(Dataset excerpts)
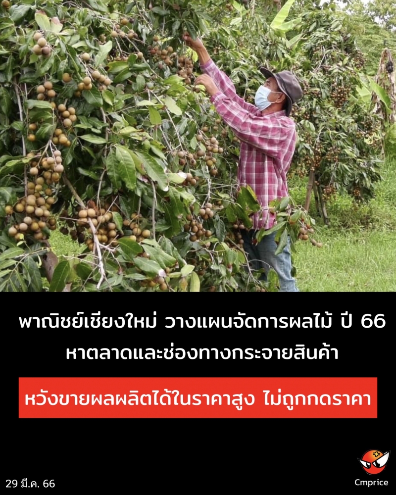 สำนักงานพาณิชย์จังหวัดเชียงใหม่ วางมาตรการบริหารจัดการผลไม้ ปี 66 ด้านผู้ว่าราชการจังหวัดเชียงใหม่ สั่งดูแลเชิงรุก หาตลาดและช่องทางกระจายสินค้า หวังให้เกษตรกรขายผลผลิตได้ในราคาสูง ไม่ถูกกดราคา
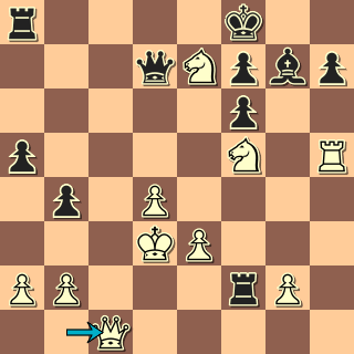26. … Db5+ Zásah, loď potopena. 27. Ke4 (27. Dc4 Vd2+) Ve8 Pořád je to jen kvalita, ale s králem na procházce a s figurama svázanýma to nejde. 28. Dc7 De2! 29. Dc5 Ani ústup věže nepomáhá, např. po 29. Vh4 je nejrazantnější Vxf5 30. Kxf5 Dxe3. 29. … Dxh5 Dvojšach bílému už nic nedá. 0:1
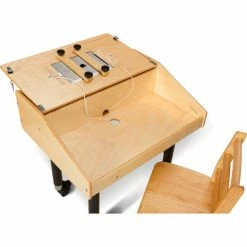 Virco® 48TRAP60 Activity Table w/ Standard Adj. Legs, 60" Trapezoid, Black Frame/Oak Top
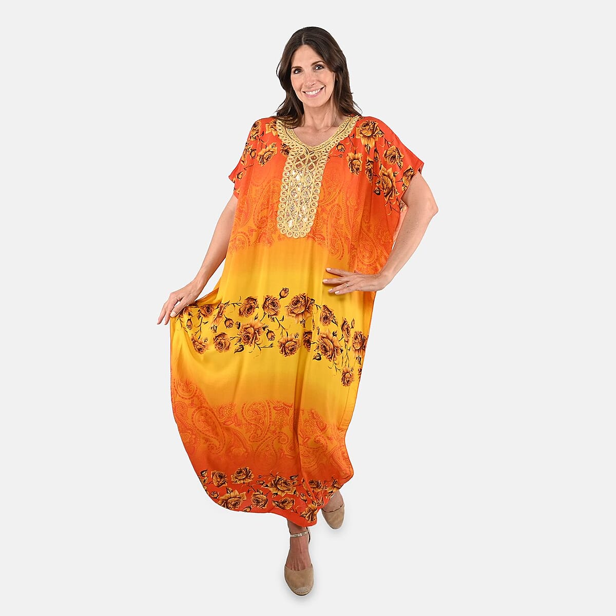 Tamsy Yellow Rose Pattern Kaftan With Neckline Embroidery - One Size Fits Most
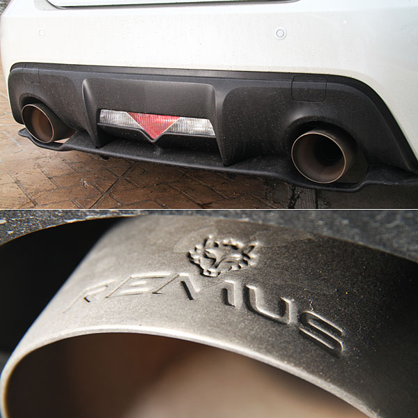 Remus則針對Impreza WRX STi打造左右四出式排氣尾管設計,尾飾管的末端更採用碳纖維外觀裝飾,並飾以Remus與火狐狸招牌,低調展現質感。
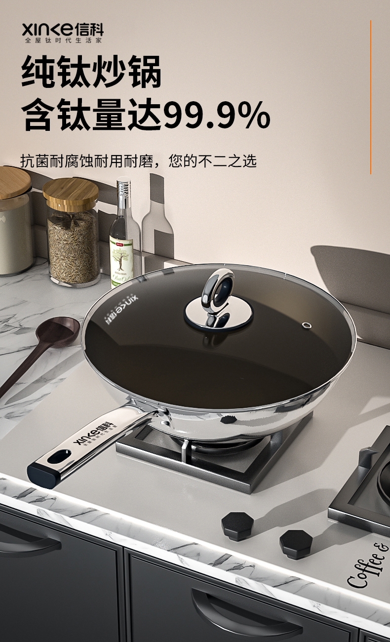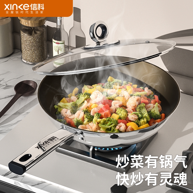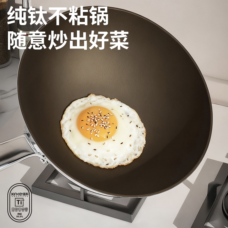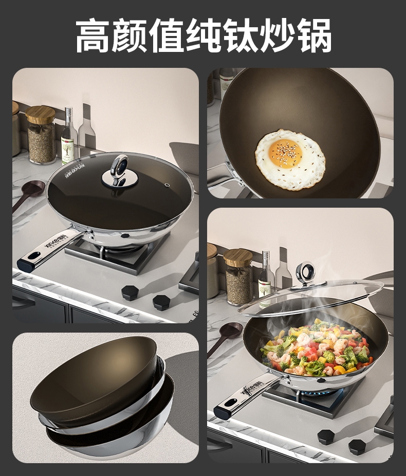 无涂层钛炒锅 0图层放心炒;有钛无涂层持久不粘;新升级抗菌 持久守护99.99% 强力抗菌
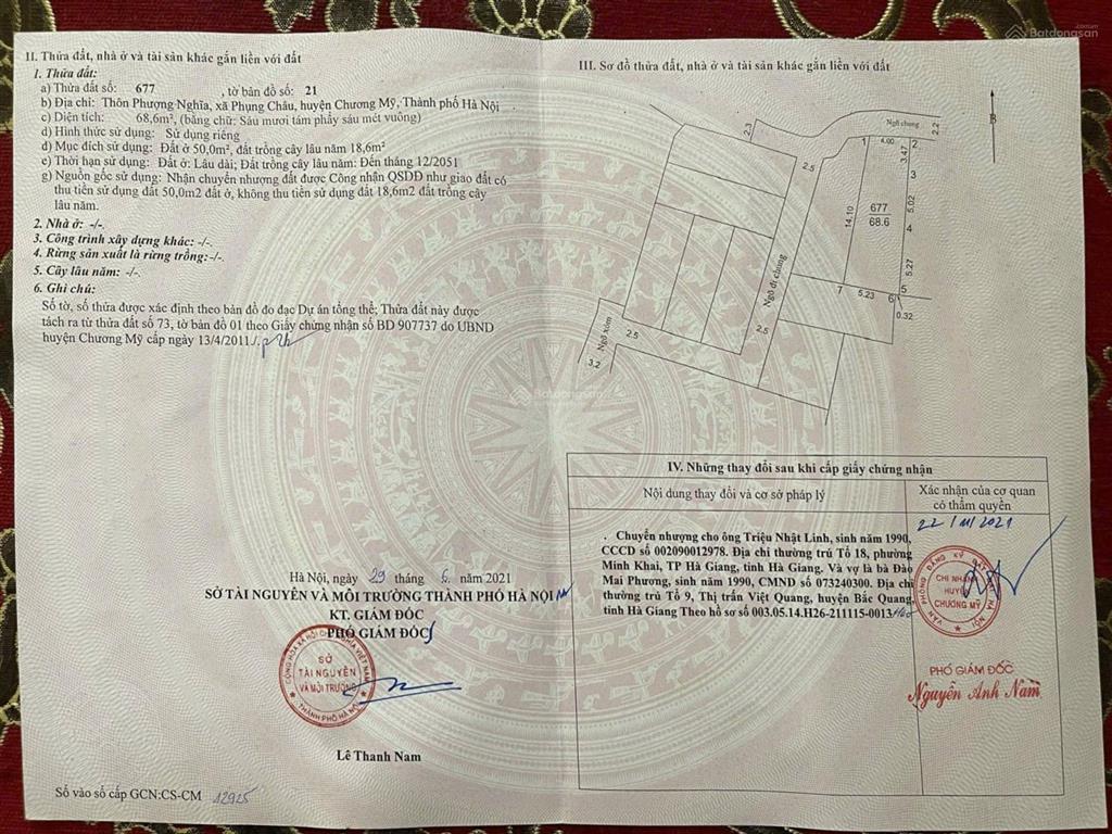 Đất nền tại xã Phụng Châu, Huyện Chương Mỹ, Hà Nội, diện tích 68,6 m², có 50m² thổ cư.
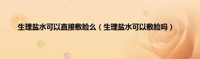 大家好,小科来为大家解答以上问题。生理盐水可以直接敷脸么,生理盐水可以敷脸吗很多人还不知道,现在让我们一起来看看吧!
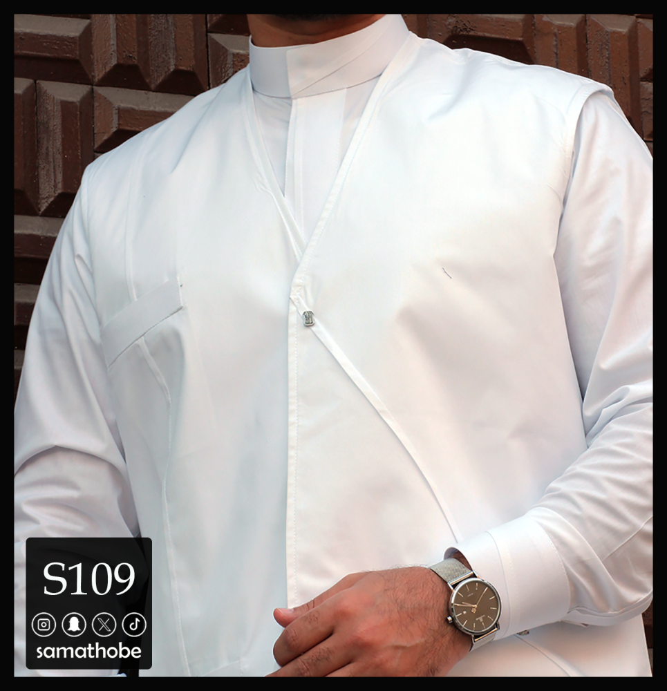 سديري لون ابيض بقماش قطن بتصميم مميز رسمي وانيق
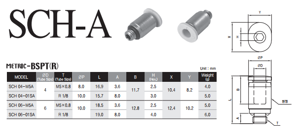 Đầu nối SCH - A có kiểu dáng compact nhỏ gọn thao tác nhanh dễ dàng cắm ống cũng như tháo ống.
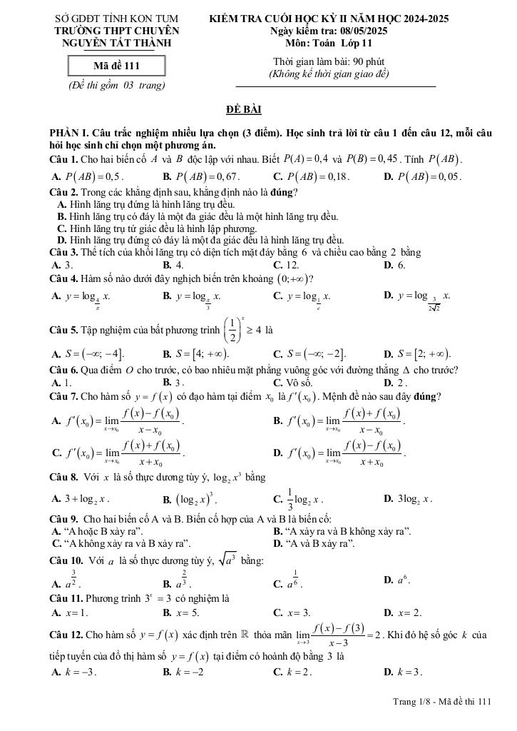 Toán học luôn là một môn học quan trọng, giúp học sinh phát triển tư duy logic và kỹ năng giải quyết vấn đề. Để hỗ trợ các bạn học sinh và giáo viên trong việc học tập và giảng dạy, bài viết này sẽ cung cấp lời giải chi tiết và đáp án chính xác cho chủ đề đề cuối kỳ 2 toán 11 năm 2024 – 2025 trường chuyên nguyễn tất thành – kon tum, giúp bạn hiểu sâu và tự tin hơn khi làm bài tập.
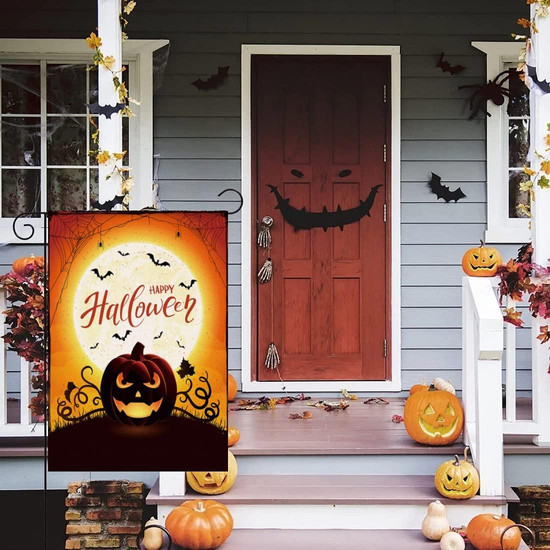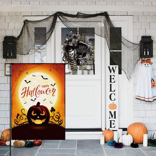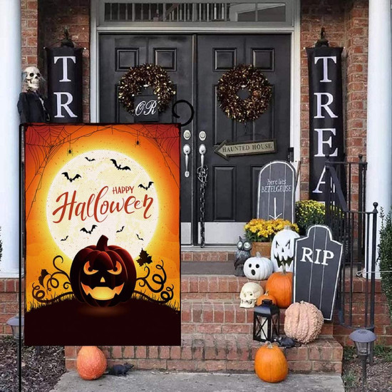Halloween Pumpkin Garden Flags Double Sided Small Garden Flag Black Cat Bat Holiday Halloween House Flag For Outdoor Yard Garden Decoration adds a unique, distinctive finish to your front yard or garden.
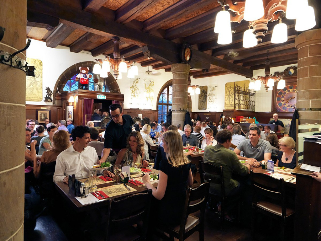 特色菜是美味的烤肉,包括岩龙虾和其他海鲜。另一个想法是,我知道这可能有点旅游化,就是餐厅 Zeughauskeller。这家餐厅的前身是军械库,有石柱和横梁天花板。每月都会供应一种香肠,所以你要知道,这里的食物真的很丰盛。这里总是人头攒动!
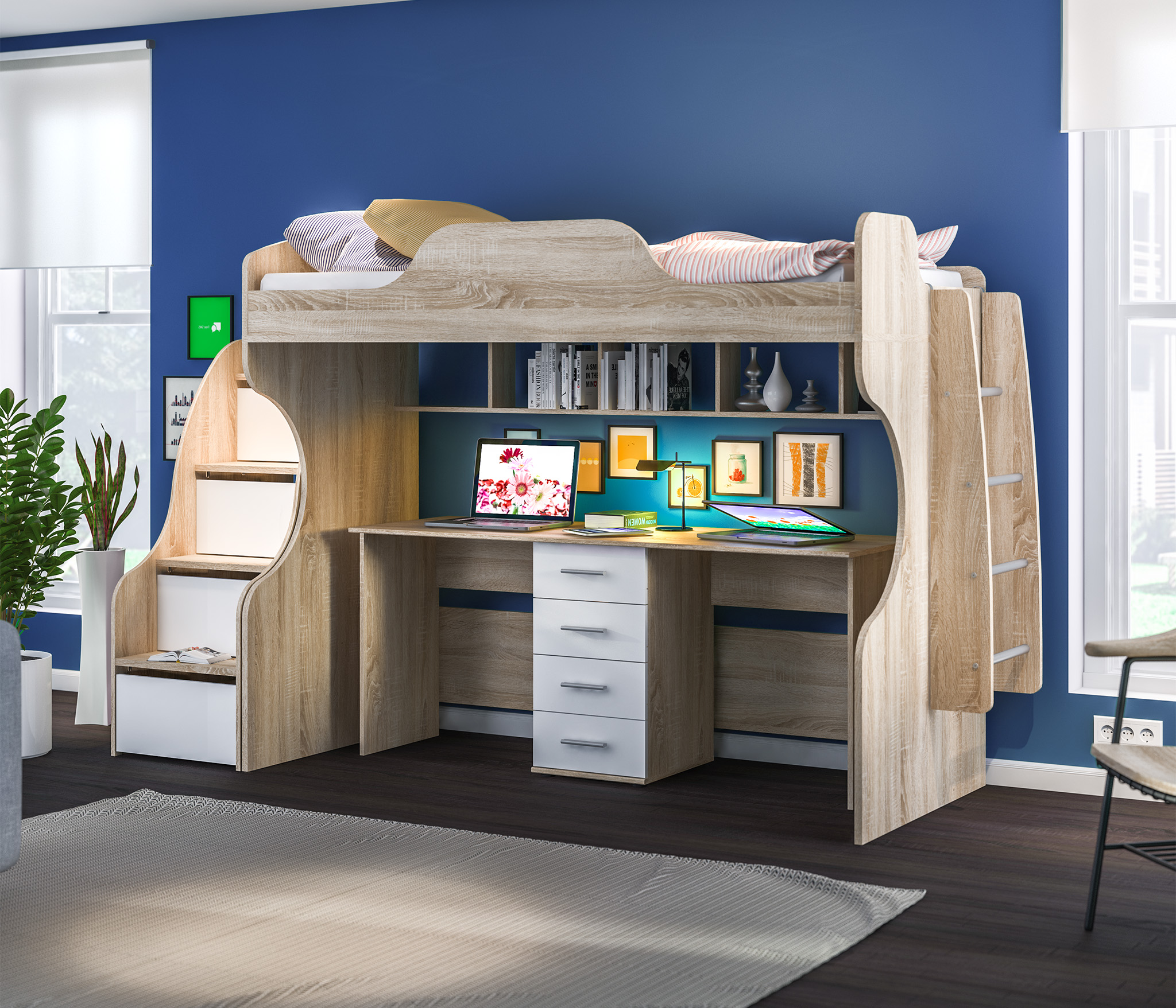 Размеры кровати (ШхВхГ) 206х103х166 см
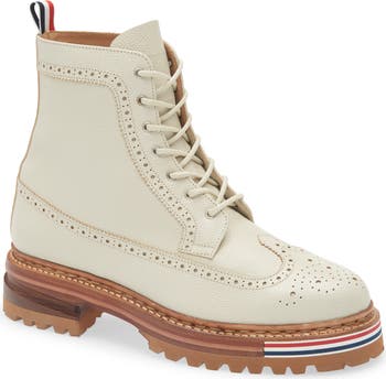 Wingtip brogueing distinguishes this lace-up boot crafted in Italy from pebbled leather and set on a rugged lug sole. A grosgrain-ribbon tab at the heel displays the brand's signature stripes, as well as the front toe inset of the layered sole.

> TASK BRIEF
Strip the images and reproduce the remaining records precisely.

> SOLUTION
 สำนักงานพาณิชย์จังหวัดเชียงใหม่ วางมาตรการบริหารจัดการผลไม้ ปี 66 ด้านผู้ว่าราชการจังหวัดเชียงใหม่ สั่งดูแลเชิงรุก หาตลาดและช่องทางกระจายสินค้า หวังให้เกษตรกรขายผลผลิตได้ในราคาสูง ไม่ถูกกดราคา
26. … Db5+ Zásah, loď potopena. 27. Ke4 (27. Dc4 Vd2+) Ve8 Pořád je to jen kvalita, ale s králem na procházce a s figurama svázanýma to nejde. 28. Dc7 De2! 29. Dc5 Ani ústup věže nepomáhá, např. po 29. Vh4 je nejrazantnější Vxf5 30. Kxf5 Dxe3. 29. … Dxh5 Dvojšach bílému už nic nedá. 0:1
 Virco® 48TRAP60 Activity Table w/ Standard Adj. Legs, 60" Trapezoid, Black Frame/Oak Top
 Tamsy Yellow Rose Pattern Kaftan With Neckline Embroidery - One Size Fits Most
 Remus則針對Impreza WRX STi打造左右四出式排氣尾管設計,尾飾管的末端更採用碳纖維外觀裝飾,並飾以Remus與火狐狸招牌,低調展現質感。
 无涂层钛炒锅 0图层放心炒;有钛无涂层持久不粘;新升级抗菌 持久守护99.99% 强力抗菌
 Đất nền tại xã Phụng Châu, Huyện Chương Mỹ, Hà Nội, diện tích 68,6 m², có 50m² thổ cư.
 大家好,小科来为大家解答以上问题。生理盐水可以直接敷脸么,生理盐水可以敷脸吗很多人还不知道,现在让我们一起来看看吧!
 سديري لون ابيض بقماش قطن بتصميم مميز رسمي وانيق
 Đầu nối SCH - A có kiểu dáng compact nhỏ gọn thao tác nhanh dễ dàng cắm ống cũng như tháo ống.
 Toán học luôn là một môn học quan trọng, giúp học sinh phát triển tư duy logic và kỹ năng giải quyết vấn đề. Để hỗ trợ các bạn học sinh và giáo viên trong việc học tập và giảng dạy, bài viết này sẽ cung cấp lời giải chi tiết và đáp án chính xác cho chủ đề đề cuối kỳ 2 toán 11 năm 2024 – 2025 trường chuyên nguyễn tất thành – kon tum, giúp bạn hiểu sâu và tự tin hơn khi làm bài tập.
Halloween Pumpkin Garden Flags Double Sided Small Garden Flag Black Cat Bat Holiday Halloween House Flag For Outdoor Yard Garden Decoration adds a unique, distinctive finish to your front yard or garden.
 特色菜是美味的烤肉,包括岩龙虾和其他海鲜。另一个想法是,我知道这可能有点旅游化,就是餐厅 Zeughauskeller。这家餐厅的前身是军械库,有石柱和横梁天花板。每月都会供应一种香肠,所以你要知道,这里的食物真的很丰盛。这里总是人头攒动!
 Размеры кровати (ШхВхГ) 206х103х166 см
 Wingtip brogueing distinguishes this lace-up boot crafted in Italy from pebbled leather and set on a rugged lug sole. A grosgrain-ribbon tab at the heel displays the brand's signature stripes, as well as the front toe inset of the layered sole.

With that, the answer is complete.